Search code examples
arraysalgorithmmedian

Finding a median of 2 arrays of the same size - the O(log n) algorithm doesn't yield a correct result


I'm trying to solve the problem of calculating median of merged two sorted arrays of the same size, with distinct elements.

Source of algorithm: https://www.geeksforgeeks.org/median-of-two-sorted-arrays/ This algorithm is used in several sources over the internet as the O(log n) solution. However I don't think it works for the example I made up.

My counter-example:

We have 2 sorted arrays with no duplicates:

[2,3,12,14] & [1,5,8,9]

Merged sorted array is: a = [1,2,3,5,8,9,12,14] Median: 13/2 = 6.5

Following the algorithm:

Median of [2,3,12,14] is (3+12)/2= 7.5 = m1

Median of [1,5,8,9] is (5+8)/2 = 6.5 = m2

We see m1>m2. So following the algorithm, we consider the first half of first array, and second half of second array.
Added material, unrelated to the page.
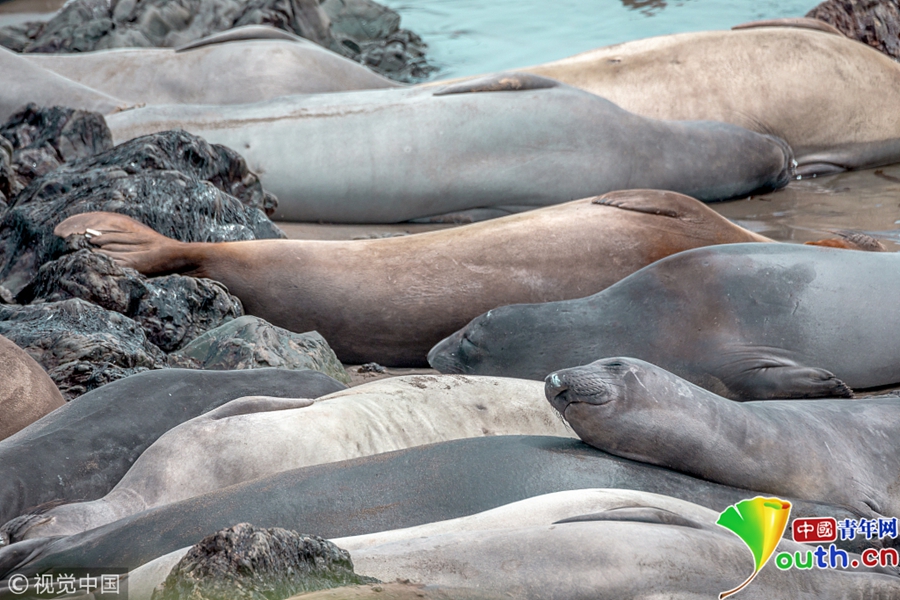 美國加州,阿根廷攝影師Lucio Moujan鏡頭下的圣西蒙海灘,整個海灘被陽光下午睡的象海豹占領。攝影師說道,“那里大概有數(shù)百只象海豹吧,我不知道具體數(shù)目,但是那有一大群。

We have a1 = [2,3] and a2 = [8,9].

Now we reached a base case and we have a result of (max(a1[0],a2[0]) + min(a1[1],a2[1]))/2 = 8+3=11/2=5.5 which is clearly not 6.5.

This is the only algorithm I see that has O(log n) solution but it seems flawed. Is there something I'm missing here?


Solution

  • To always give the same result of the first method, the second one must end up with the same numbers in the final iteration.

    For instance, the example provided should lead to 6.5

    [2, 3, 12, 14], [1, 5, 8, 9] → [1, 2, 3, 5, 8, 9, 12, 14] → (5 + 8)/2 → 6.5

    To ensure that, when dividing ranges with even number of elements, you must add the element below are beyond the middle:

    [2, 3, 12, 14], [1, 5, 8, 9] → [2, 3, 12], [5, 8, 9] → [3, 12], [5, 8] → 6.5

    As a matter of fact, the relevant part of the code in the page you linked is this

    int getMedian(int ar1[],  
                  int ar2[], int n)
    {
        // ...
        if (m1 < m2) 
        { 
            if (n % 2 == 0) 
                return getMedian(ar1 + n / 2 - 1,    // <- Note the difference
                                 ar2, n - n / 2 + 1); 
            return getMedian(ar1 + n / 2,            // <-
                             ar2, n - n / 2); 
        } 
    
        if (n % 2 == 0) 
            return getMedian(ar2 + n / 2 - 1,        // The same here
                             ar1, n - n / 2 + 1); 
        return getMedian(ar2 + n / 2,  
                         ar1, n - n / 2);